Identification of Members of the Burkholderia cepacia Complex by Species-Specific PCR

Paul W. Whitby,1 Karen B. Carter,1 Kenneth L. Hatter,1 John J. LiPuma,2 and Terrence L. Stull1,3,*

Departments of Pediatrics1 and Microbiology/Immunology,3 University of Oklahoma Health Sciences Center, Oklahoma City, Oklahoma 73104, and Department of Pediatrics and Communicable Diseases, University of Michigan Medical School, Ann Arbor, Michigan 481092

Received 22 March 2000/Returned for modification 21 April 2000/Accepted 27 May 2000

Definitive identification of the species in the Burkholderia cepacia complex by routine clinical microbiology methods is difficult. Phenotypic tests to identify B. multivorans and B. vietnamiensis have been established; more recent work indicates B. stabilis may also be identified by growth characteristics and biochemical tests. However, attempts to identify genomovars I and III have, thus far, proved unsuccessful. Previously, we demonstrated the utility of two primer pairs, directed to the rRNA operon, to specifically identify the B. cepacia complex in a PCR. One of these primer pairs, G1-G2, only amplified a DNA fragment from genomovars I and III and B. stabilis in a PCR with genomic DNA isolated from prototypical strains representing the five genomovars. Sequence analysis of the rRNA operon for all the genomovars indicated that this primer pair targeted a region shared by these isolates. Further analysis revealed a region of heterogeneity between genomovar III and B. stabilis internal to the amplified product of G1-G2. Primers designed to target this region were tested with prototypical strains following an initial amplification with the G1-G2 primer pair. New primers specific for the prototypical genomovar III and B. stabilis were designated SPR3 and SPR4, respectively. Analysis of 93 isolates representing 18 genomovar I, 13 B. multivorans, 36 genomovar III, 11 B. stabilis, and 15 B. vietnamiensis isolates was performed. DNA from all isolates of genomovars I and III and B. stabilis was amplified by G1-G2. Genomovar III isolates yielded a product with SPR3/G1 while B. stabilis amplified with SPR4-G1. Genomovar I isolates were amplified by either SPR3-G1 or SPR4-G1, but not both. B. multivorans yielded a product with SPR3-G1 but not G1-G2, and B. vietnamiensis isolates were negative in all PCRs. Thus using an algorithm with G1-G2, SPR3-G1, and SPR4-G1 primers in a PCR analysis, genomovar III isolates can be separated from B. stabilis and the identity of B. multivorans and B. vietnamiensis can be confirmed.

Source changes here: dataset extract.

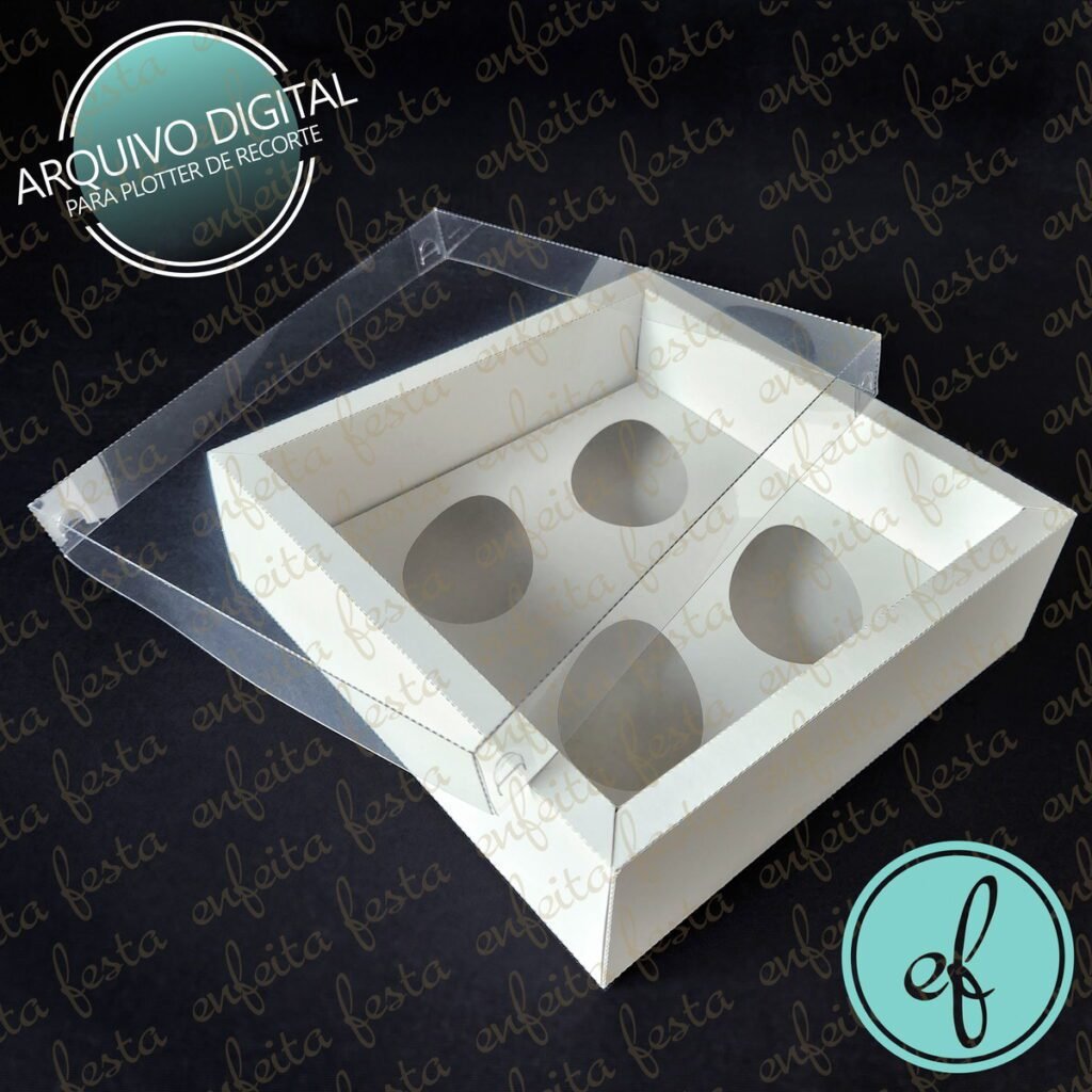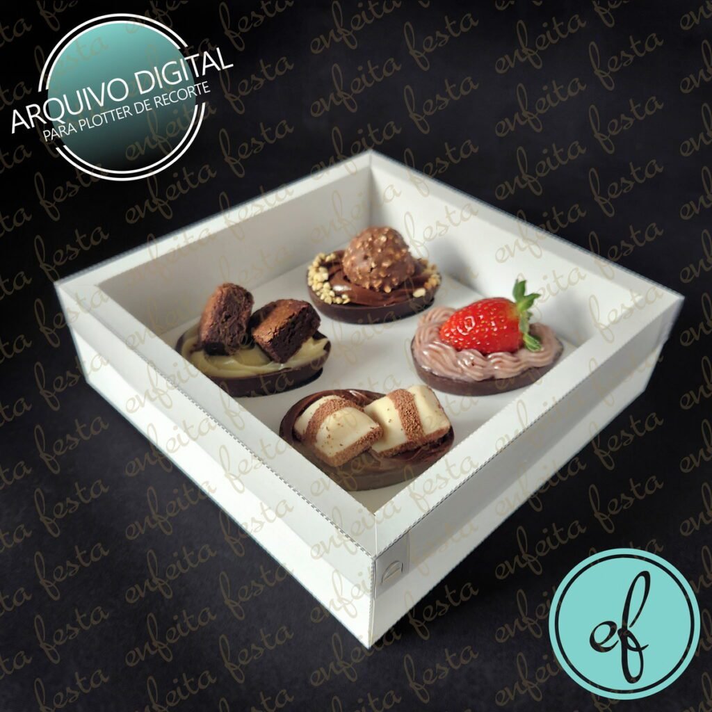 -Caixa Borda Dupla 15 x 15 x 5 cm com Tampa de Acetato Externa e Berço para 4 Ovos Abertos 50g (Molde BWB 846)

* Corresponding author. Mailing address: Department of Pediatrics, CHO 2308, 940 N.E. 13th St., Oklahoma City, OK 73104. Phone: (405) 271-4401. Fax: (405) 271-8710. E-mail: Terrence-Stull{at}ouhsc.edu.


Journal of Clinical Microbiology, August 2000, p. 2962-2965, Vol. 38, No. 8
0095-1137/00/$04.00+0
Copyright © 2000, American Society for Microbiology. All rights reserved.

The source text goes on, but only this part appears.